Resistance to artemisinin derivatives has been reported in the Southeast Asia region, i.e., Cambodia, Lao People’s Democratic Republic, Thailand, Myanmar, and Vietnam (1–3). Additionally, in 2016, a multisite prospective cohort study in Cambodia (4) demonstrated that patients with recrudescence presented with parasites with significantly decreased piperaquine susceptibility compared with patients without recrudescence (mean piperaquine 50% inhibitory concentration [IC50], 64.0 versus 21.4 ng/ml; P = 0.0002). In a separate study, a genome-wide association analysis of Plasmodium falciparum isolates from Cambodia demonstrated that amplification of genetic markers of piperaquine resistance, such as exo-E415G SNP, plasmepsin 2, and plasmepsin 3, was significantly associated with decreased treatment efficacy (5). Therefore, artesunate plus mefloquine has been substituted as a new first-line ACT in some Cambodian provinces (5). To counteract the emergence of drug resistance, clinical trials have been undertaken (6) to assess the efficacy of triple ACTs, such as dihydroartemisinin-piperaquine plus mefloquine, artemether-lumefantrine plus amodiaquine, and arterolane-piperaquine plus mefloquine. Additionally, a combination of the novel ozonide antimalarial artefenomel with piperaquine is under investigation (7).

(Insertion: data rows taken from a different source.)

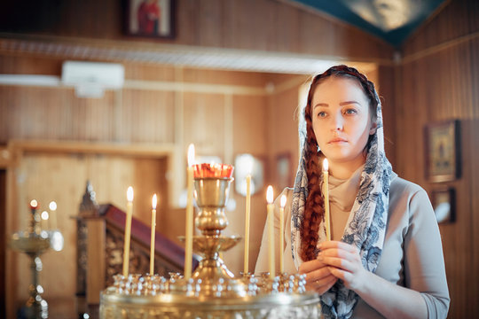 woman in the Russian Orthodox Church with red hair and a scarf on her head lights a candle and prays in front of the icon.
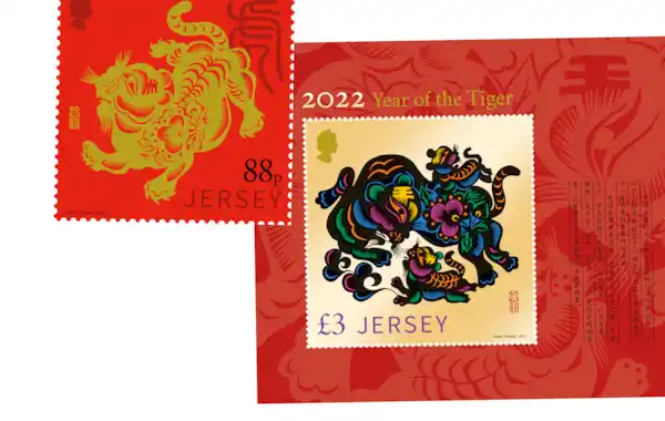 The seventh issue in Jersey Post’s Lunar New Year series celebrates the Year of the Tiger and comprises a single stamp and a miniature sheet designed by renowned Chinese artist Wang Huming.
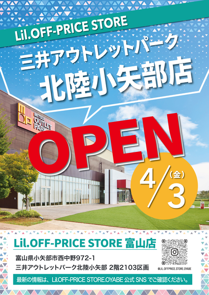 お知らせ 2026.03.27 【 オフプライスストアが富山県にて常設店OPEN 】 富山県の皆さん必見‼️👀有名ブランドがお安く買える⤵️今話題のオフプライスストアが富山県にて常設店OPEN🙌🏻数々の有名ブランドが店頭に並びます📢オープン日は4月3日予定🗓️最新の商品情報はInstagramのアカウントをフォローして、ストーリーズをチェック☑️https://www.instagram.com/lil.offprice.store.oyabe/
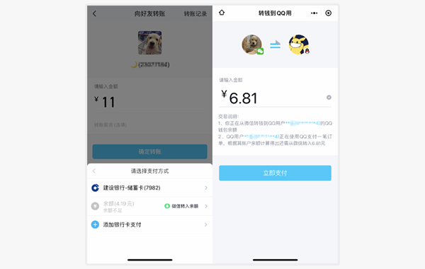 在手机QQ上转账同样也可以使用微信支付,这里需要先微信转入到余额,之后才能完成正常的支付。
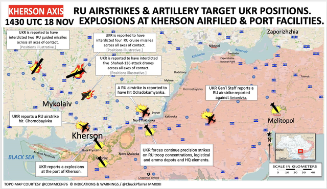 乌军则继续打击第聂伯罗河左岸的俄军兵力和装备集结地,乌总参谋部报告称,乌军昨天的远程打击,炸死了斯卡多夫斯克的50多名俄军人员,并摧毁了卓别林卡的一个俄军弹药库。
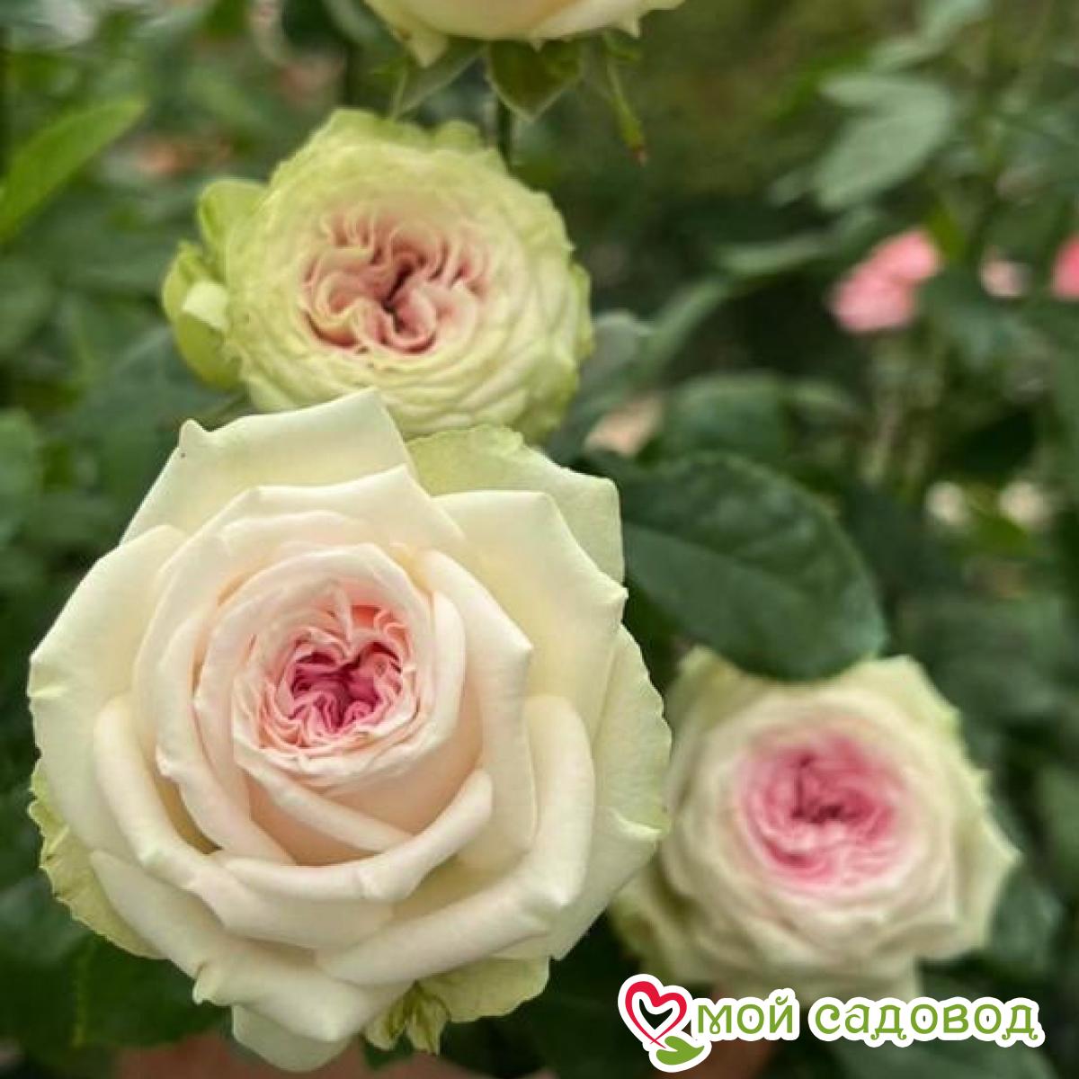 Цветки светло-желтые с вербеново-зелеными оттенками, которые с возрастом розовеют. Аромат нежный, фруктовый. Цветки крупные, 12-13 см в диаметре, шаровидные, появляются в кистях. Цветение обильное. Куст средней высоты, прямостоячий, ветвистый, достигает 100-120 см в высоту и 50-60 см в ширину. Устойчивость к заболеваниям средняя. Как хранить растения, если вы получили посылку раньше начала посадочного сезона: Если роза спит — храним в холодильнике или подвале при температуре от 0 до +4 °С, или на улице в коробке под толстым слоем снега. Если роза проснулась — прикопать в теплице или высадить в сад, обеспечив укрытие. Можно посадить розу в горшок и хранить в прохладном подвале или на балконе/лоджии, притеняя от прямых солнечных лучей. Во время хранения периодически проверяйте состояние посадочного материала. Поврежденные, загнившие части корней удалите и обработайте фунгицидом (Топаз, Фитоспорин).
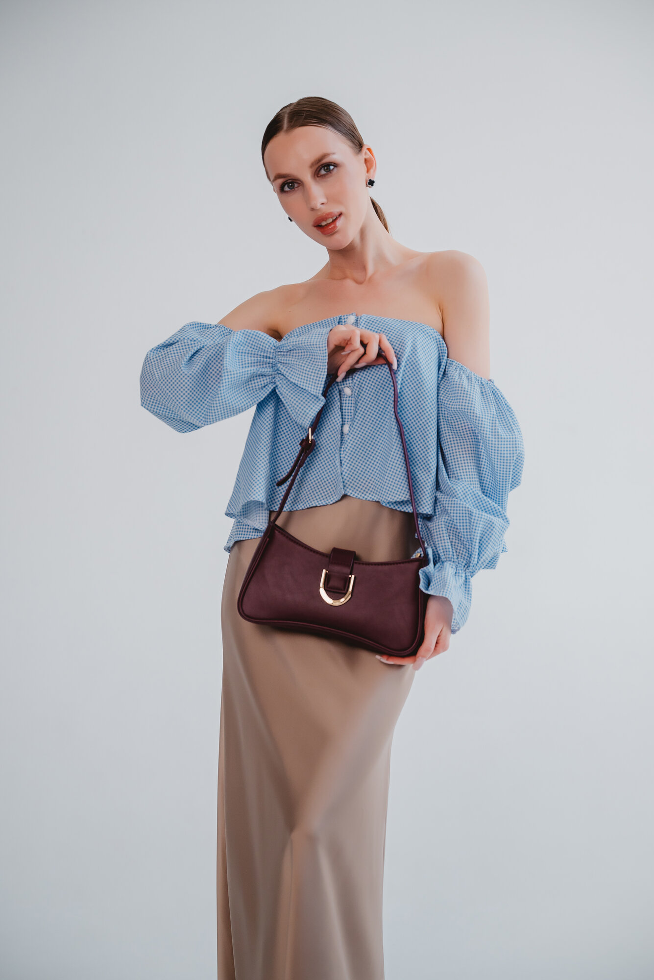 10 цен на Сумка багет Evangelina May, фактура гладкая, бордовый

Piperaquine is a 4-aminoquinoline antimalarial drug whose clinical pharmacology is characterized by a long terminal elimination half-life (20 to 28 days) and a large between-patient variability in the pharmacokinetic profile in different subpopulations (8–11). Although its pharmacokinetic properties have been studied extensively, its pharmacodynamic properties in humans are less well studied, with available pharmacodynamic information (e.g., 50% effective concentration [EC50]) being mostly extrapolated from in vitro data (5, 12, 13), which might not always represent the pharmacodynamic properties in humans. Pharmacodynamic models of piperaquine in patients have been published previously in Plasmodium vivax malaria (14) and in chemoprevention of seasonal malaria (15). Knowledge of its key pharmacodynamic parameters in humans (e.g., EC50) would provide information for improving current treatments using ACTs and assisting with dose selection in new antimalarial therapies (e.g., triple combinations).
The induced blood-stage malaria (IBSM) model has been extensively used to investigate the activity of antimalarial drugs in humans, including piperaquine (16). In the IBSM model, healthy volunteers are inoculated with P. falciparum-infected erythrocytes, which allows for an evaluation of the activity of antimalarial drugs against the asexual blood stages of the parasites. Moreover, the IBSM model allows the investigation of parasite dynamics both before and after the antimalarial drug treatment, which is not possible with data from field studies where only parasite elimination can be studied.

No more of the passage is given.